WORK REQUEST: Nothing but the lines from the one containing "При монтаже кровли" through the last line of the data below should be returned, each exactly as it stands, pictures excluded.

DATA:
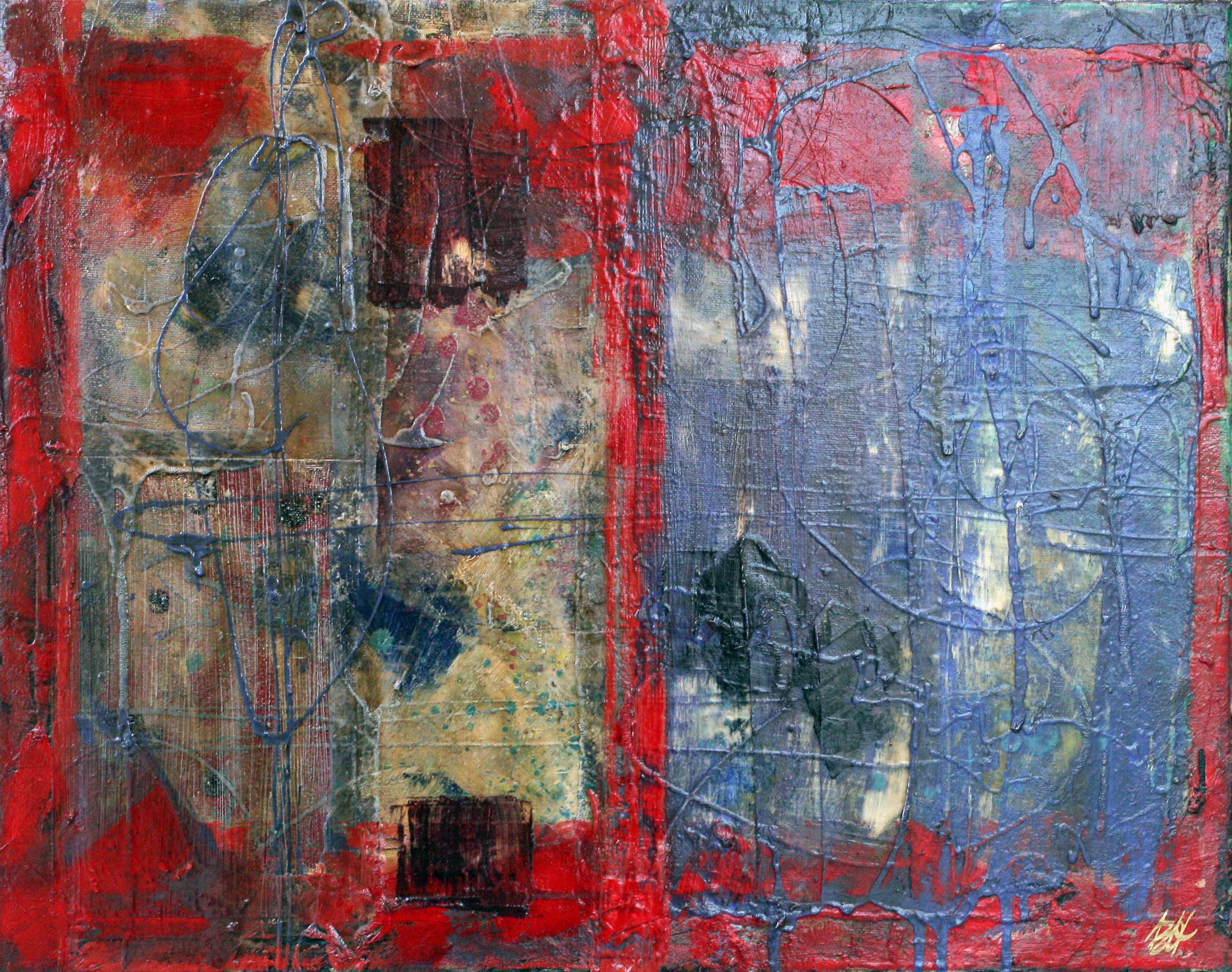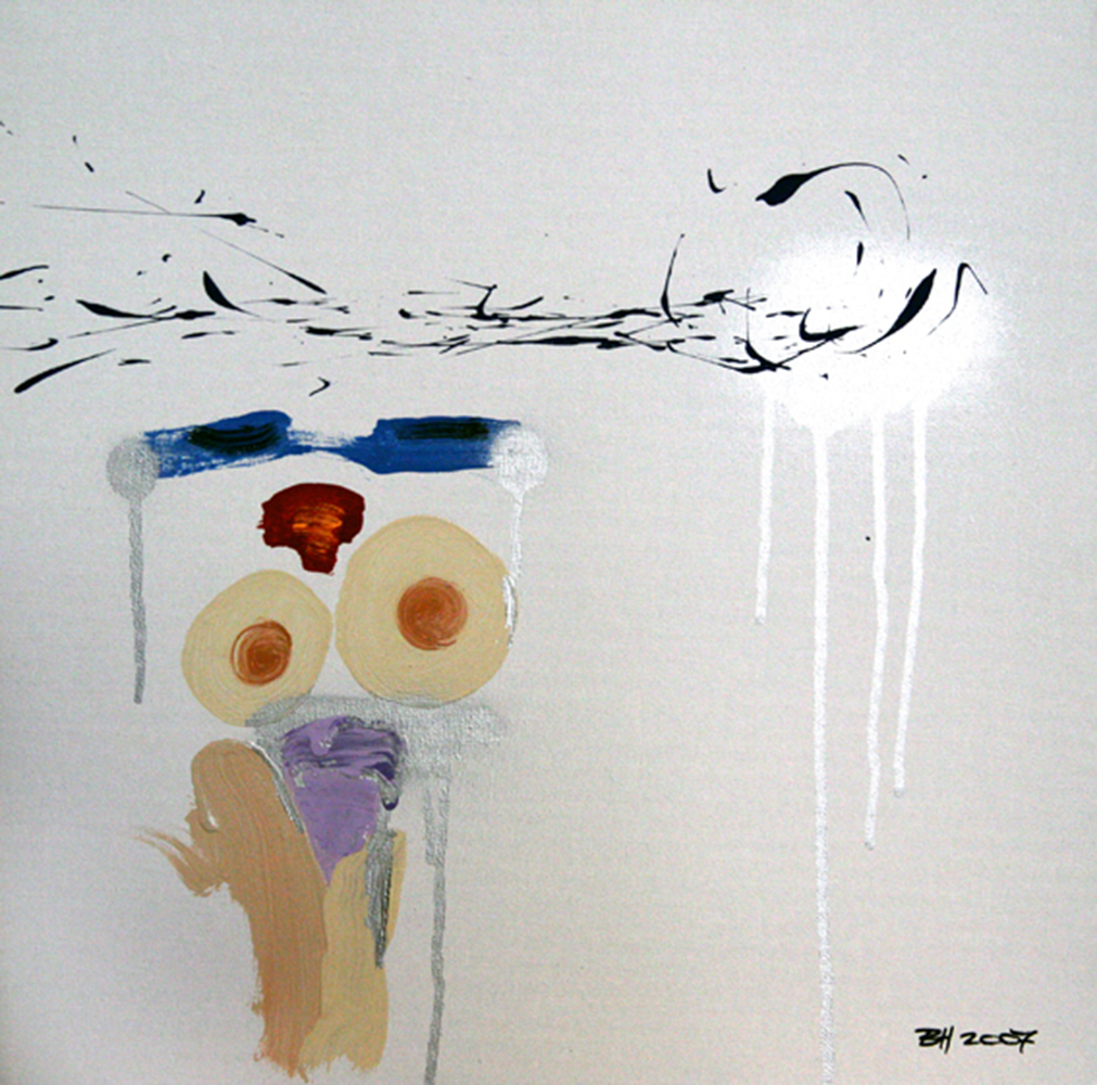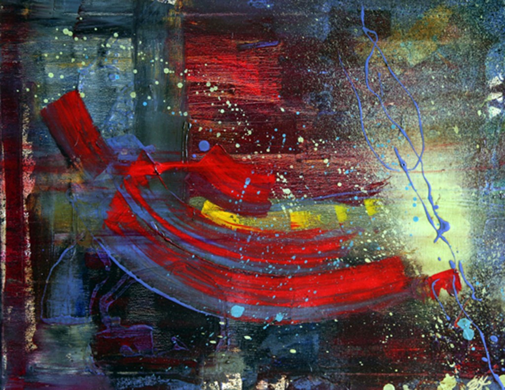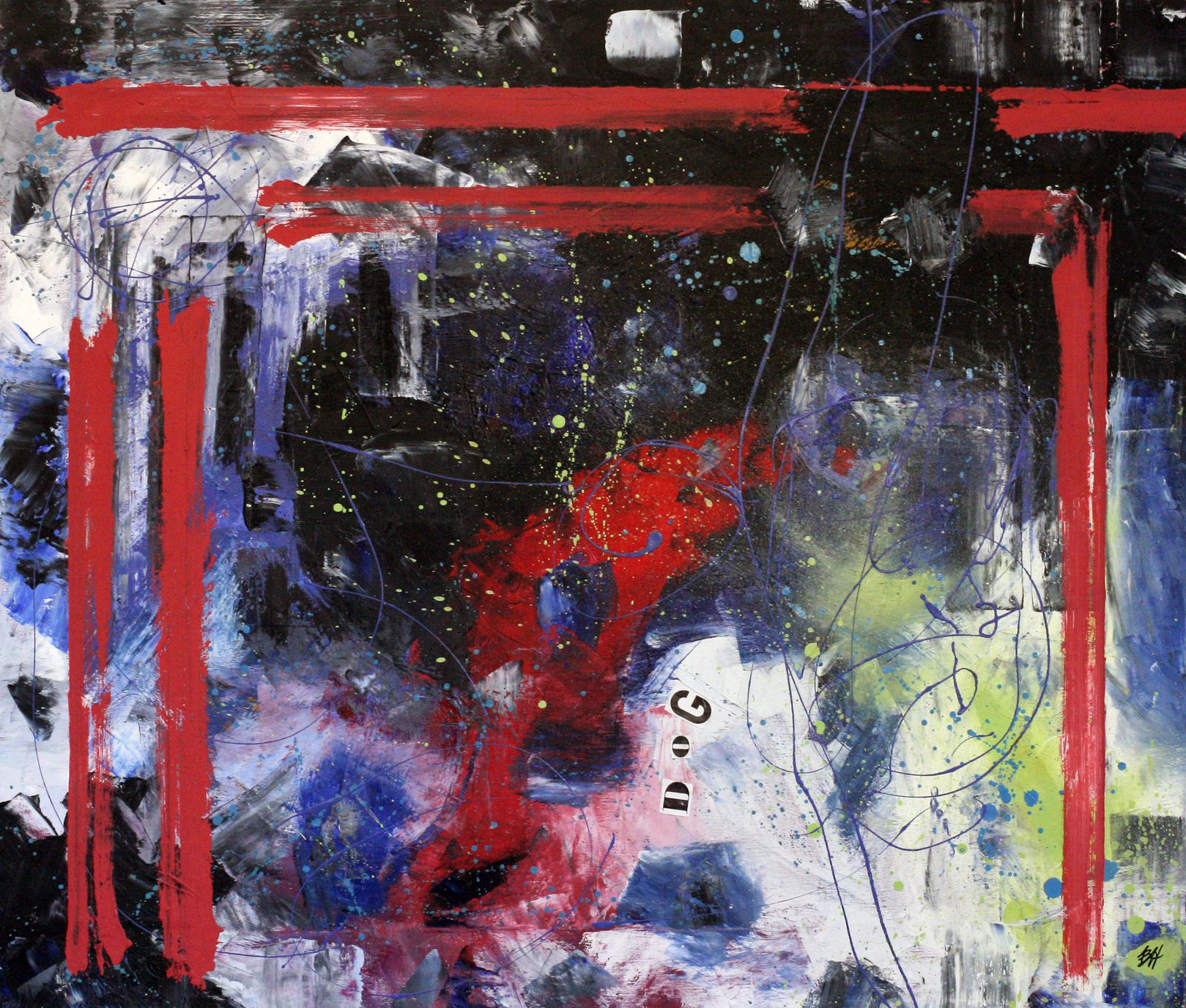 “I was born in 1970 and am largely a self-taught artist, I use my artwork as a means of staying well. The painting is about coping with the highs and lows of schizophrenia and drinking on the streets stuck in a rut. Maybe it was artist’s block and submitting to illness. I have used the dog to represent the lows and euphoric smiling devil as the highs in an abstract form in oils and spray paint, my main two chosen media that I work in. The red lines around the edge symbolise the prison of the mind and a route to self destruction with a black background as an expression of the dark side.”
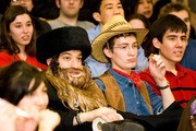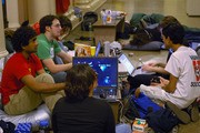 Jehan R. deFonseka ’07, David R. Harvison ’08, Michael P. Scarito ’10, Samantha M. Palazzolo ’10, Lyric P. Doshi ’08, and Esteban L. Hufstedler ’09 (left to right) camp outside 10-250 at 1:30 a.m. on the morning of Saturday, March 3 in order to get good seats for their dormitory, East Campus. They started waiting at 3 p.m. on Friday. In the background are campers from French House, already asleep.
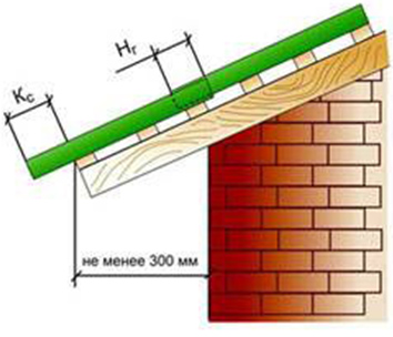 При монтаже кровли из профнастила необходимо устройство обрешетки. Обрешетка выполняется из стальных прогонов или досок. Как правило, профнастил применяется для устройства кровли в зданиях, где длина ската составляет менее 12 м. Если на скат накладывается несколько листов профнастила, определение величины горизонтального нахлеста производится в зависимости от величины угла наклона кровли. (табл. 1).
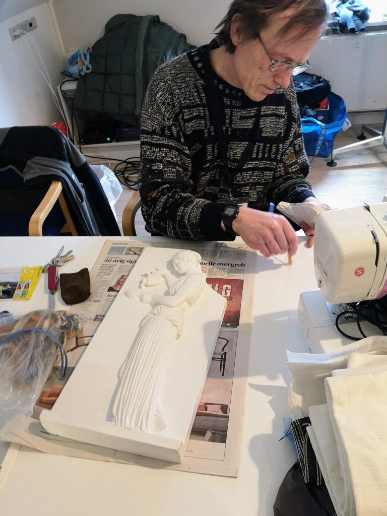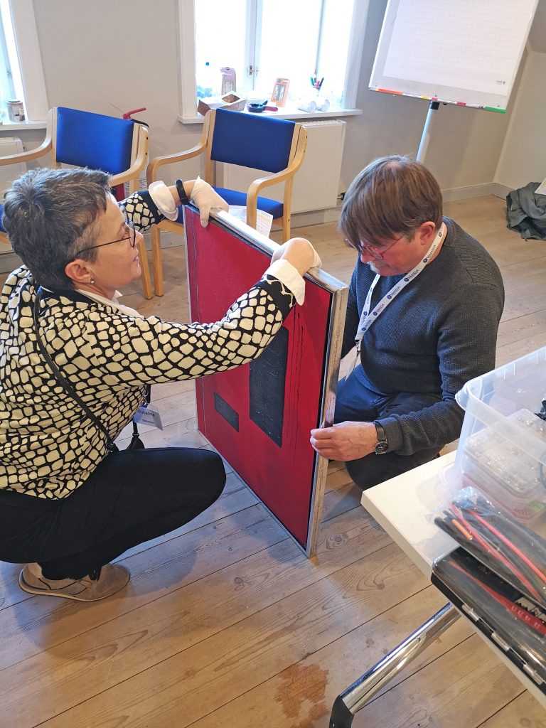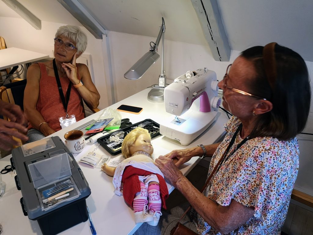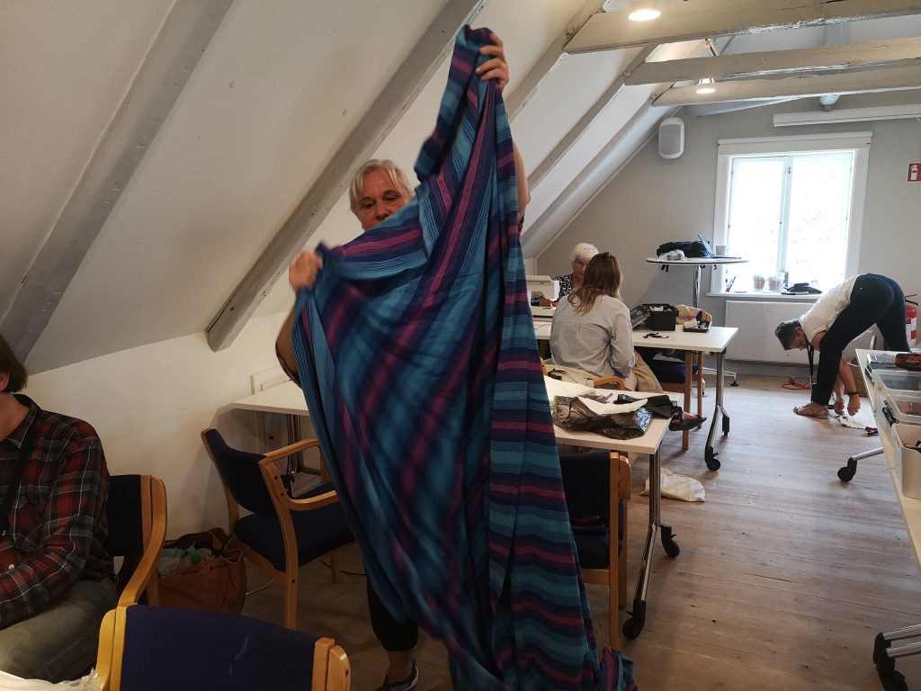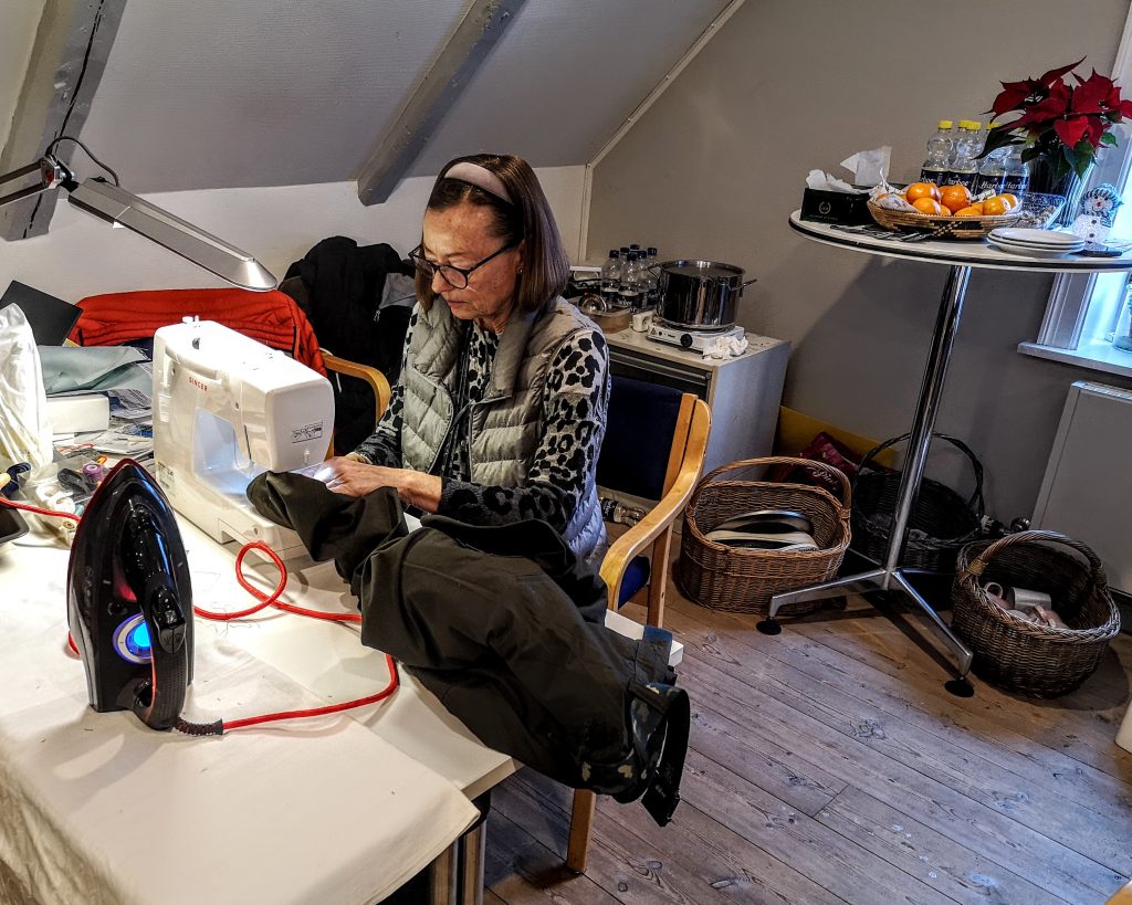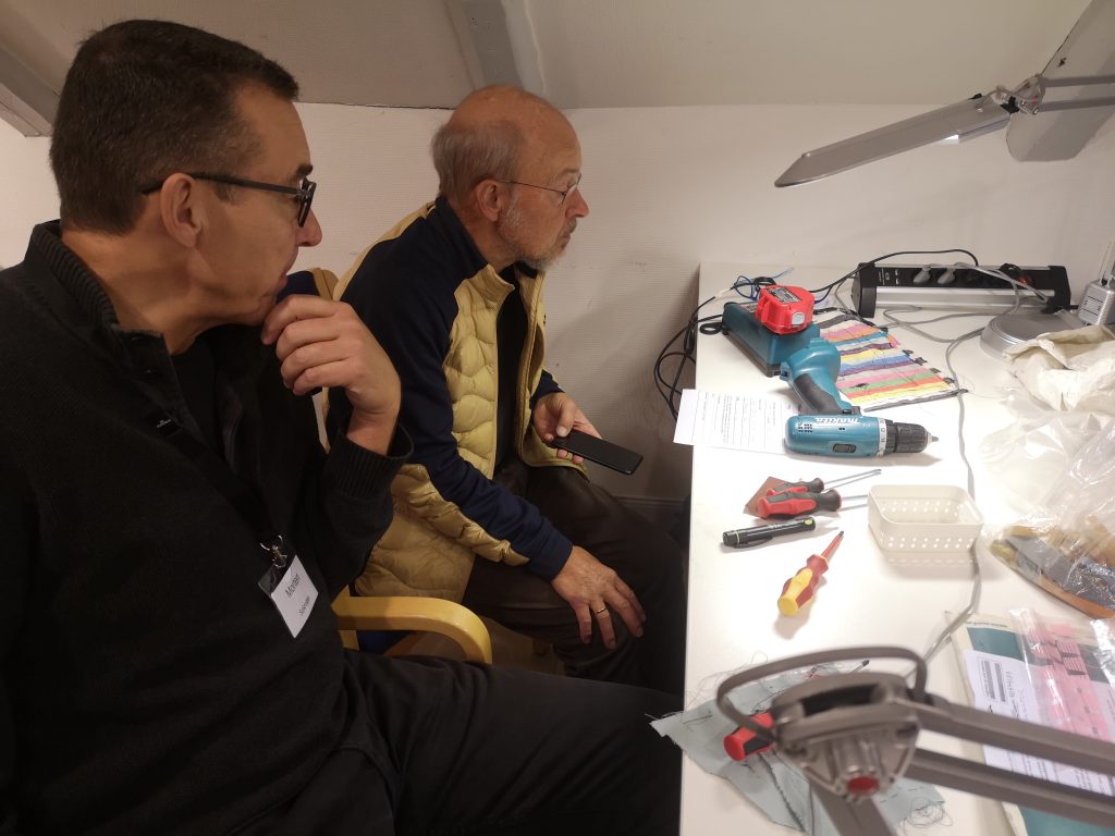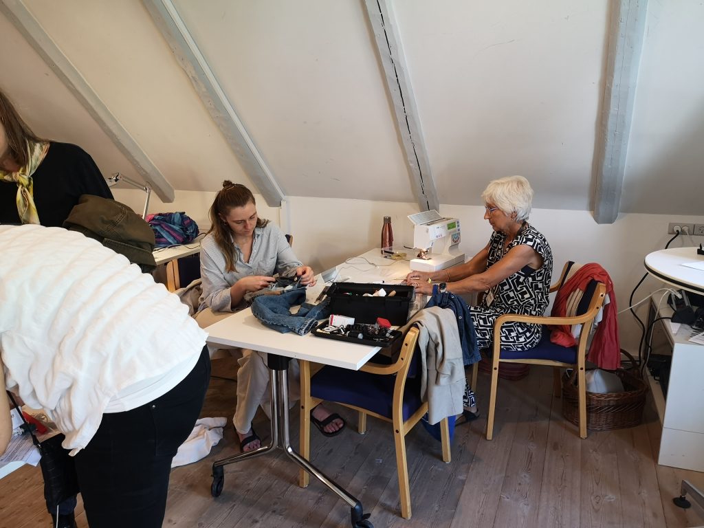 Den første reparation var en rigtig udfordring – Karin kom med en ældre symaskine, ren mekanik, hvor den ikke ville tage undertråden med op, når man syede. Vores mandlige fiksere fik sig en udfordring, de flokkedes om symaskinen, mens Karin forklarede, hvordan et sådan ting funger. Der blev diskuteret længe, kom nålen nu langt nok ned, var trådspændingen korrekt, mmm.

EXERCISE RESULT:
 При монтаже кровли из профнастила необходимо устройство обрешетки. Обрешетка выполняется из стальных прогонов или досок. Как правило, профнастил применяется для устройства кровли в зданиях, где длина ската составляет менее 12 м. Если на скат накладывается несколько листов профнастила, определение величины горизонтального нахлеста производится в зависимости от величины угла наклона кровли. (табл. 1).
 Den første reparation var en rigtig udfordring – Karin kom med en ældre symaskine, ren mekanik, hvor den ikke ville tage undertråden med op, når man syede. Vores mandlige fiksere fik sig en udfordring, de flokkedes om symaskinen, mens Karin forklarede, hvordan et sådan ting funger. Der blev diskuteret længe, kom nålen nu langt nok ned, var trådspændingen korrekt, mmm.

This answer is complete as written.